=== ACTION ITEM ===
The part below that opens with the line containing "Le marin Affiches" and closes with the line containing "Effortlessly embracing sophisticated" should be copied exactly, minus any pictures.

== RECORDS FOR THIS TASK

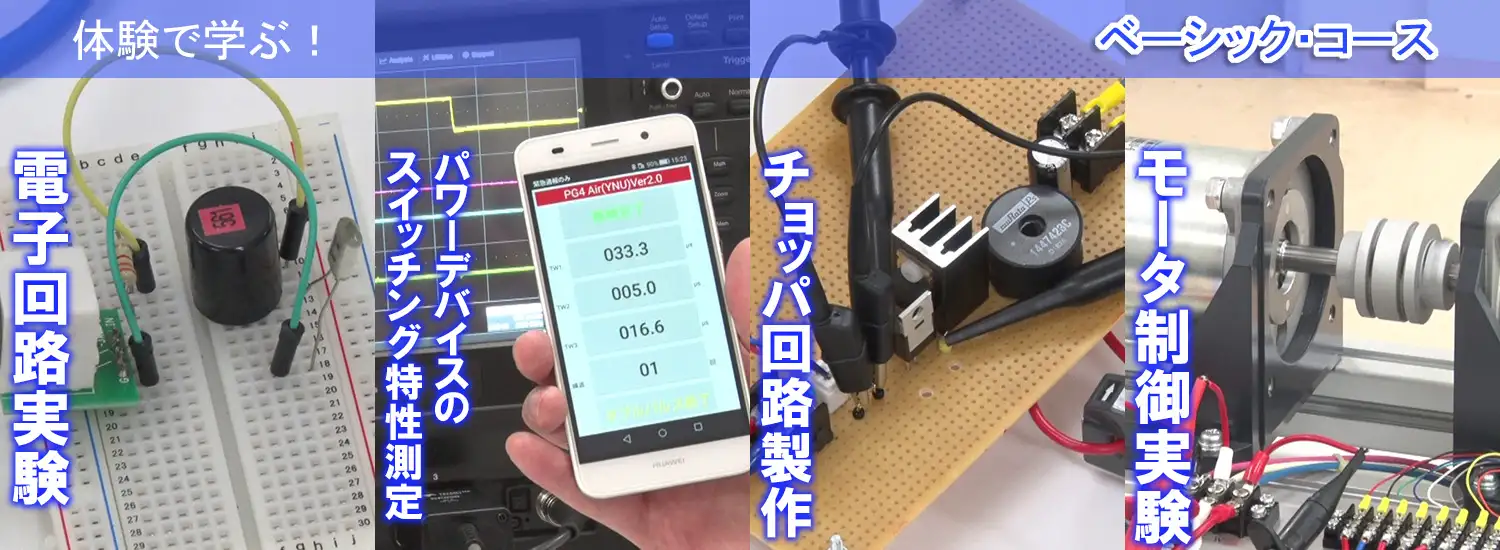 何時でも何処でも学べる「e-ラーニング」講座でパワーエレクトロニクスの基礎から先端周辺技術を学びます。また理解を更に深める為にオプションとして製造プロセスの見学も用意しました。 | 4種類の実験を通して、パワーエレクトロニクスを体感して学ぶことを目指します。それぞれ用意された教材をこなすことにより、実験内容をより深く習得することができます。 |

====
== RECORDS FOR THIS TASK

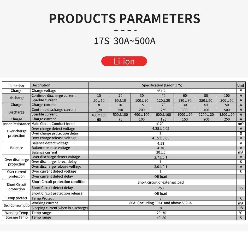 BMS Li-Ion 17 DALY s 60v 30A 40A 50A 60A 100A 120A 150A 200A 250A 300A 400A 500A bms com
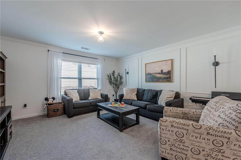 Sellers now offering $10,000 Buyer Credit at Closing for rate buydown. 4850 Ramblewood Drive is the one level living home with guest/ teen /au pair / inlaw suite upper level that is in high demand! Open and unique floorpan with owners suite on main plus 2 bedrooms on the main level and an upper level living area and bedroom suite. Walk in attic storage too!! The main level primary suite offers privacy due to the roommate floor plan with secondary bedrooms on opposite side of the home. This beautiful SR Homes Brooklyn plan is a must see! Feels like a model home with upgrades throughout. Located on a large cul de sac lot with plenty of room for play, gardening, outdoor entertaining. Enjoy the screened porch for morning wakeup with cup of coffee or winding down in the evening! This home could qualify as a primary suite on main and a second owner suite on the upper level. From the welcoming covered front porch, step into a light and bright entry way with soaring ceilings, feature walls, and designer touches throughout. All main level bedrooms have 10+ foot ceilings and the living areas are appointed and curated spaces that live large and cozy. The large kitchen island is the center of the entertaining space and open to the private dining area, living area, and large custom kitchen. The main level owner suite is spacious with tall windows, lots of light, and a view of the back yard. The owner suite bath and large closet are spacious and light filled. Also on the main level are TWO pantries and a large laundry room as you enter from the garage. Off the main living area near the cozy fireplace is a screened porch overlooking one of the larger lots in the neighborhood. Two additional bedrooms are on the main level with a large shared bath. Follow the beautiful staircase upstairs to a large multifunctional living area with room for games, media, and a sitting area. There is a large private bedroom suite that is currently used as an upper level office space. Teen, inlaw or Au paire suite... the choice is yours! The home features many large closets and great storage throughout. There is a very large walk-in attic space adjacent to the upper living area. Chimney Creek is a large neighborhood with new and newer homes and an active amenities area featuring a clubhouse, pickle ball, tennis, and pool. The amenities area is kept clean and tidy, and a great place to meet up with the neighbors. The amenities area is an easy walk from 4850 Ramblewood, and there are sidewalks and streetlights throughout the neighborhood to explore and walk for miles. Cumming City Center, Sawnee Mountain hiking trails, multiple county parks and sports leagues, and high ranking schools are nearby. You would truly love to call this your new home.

====
== RECORDS FOR THIS TASK

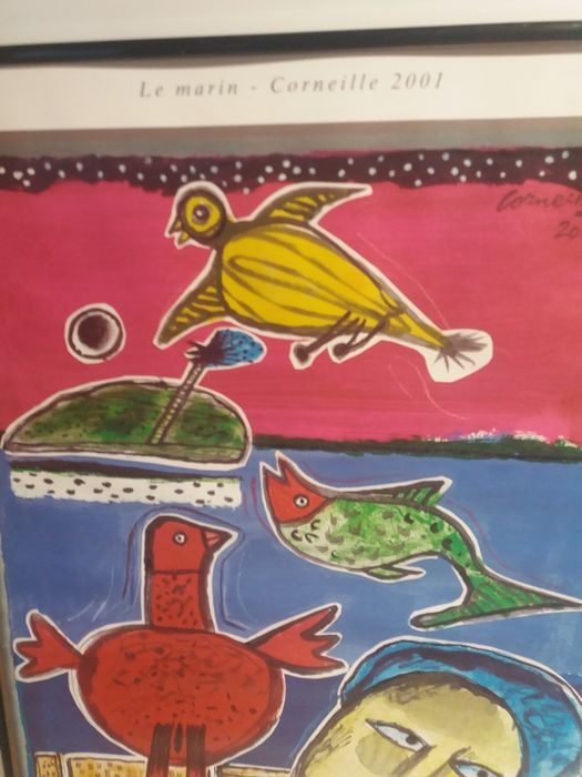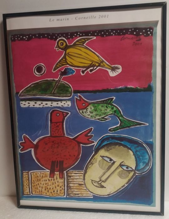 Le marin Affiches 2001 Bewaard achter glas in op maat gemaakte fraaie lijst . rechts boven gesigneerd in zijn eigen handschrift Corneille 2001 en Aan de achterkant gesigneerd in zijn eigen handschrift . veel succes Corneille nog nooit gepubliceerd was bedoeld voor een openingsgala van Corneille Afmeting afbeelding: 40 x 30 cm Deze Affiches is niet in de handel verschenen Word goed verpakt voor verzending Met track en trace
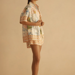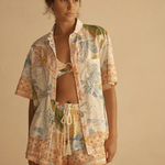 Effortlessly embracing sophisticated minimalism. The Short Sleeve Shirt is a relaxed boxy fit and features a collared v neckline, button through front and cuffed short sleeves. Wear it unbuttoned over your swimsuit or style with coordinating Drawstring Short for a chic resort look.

====

=== RESPONSE AREA ===
 Le marin Affiches 2001 Bewaard achter glas in op maat gemaakte fraaie lijst . rechts boven gesigneerd in zijn eigen handschrift Corneille 2001 en Aan de achterkant gesigneerd in zijn eigen handschrift . veel succes Corneille nog nooit gepubliceerd was bedoeld voor een openingsgala van Corneille Afmeting afbeelding: 40 x 30 cm Deze Affiches is niet in de handel verschenen Word goed verpakt voor verzending Met track en trace
 Effortlessly embracing sophisticated minimalism. The Short Sleeve Shirt is a relaxed boxy fit and features a collared v neckline, button through front and cuffed short sleeves. Wear it unbuttoned over your swimsuit or style with coordinating Drawstring Short for a chic resort look.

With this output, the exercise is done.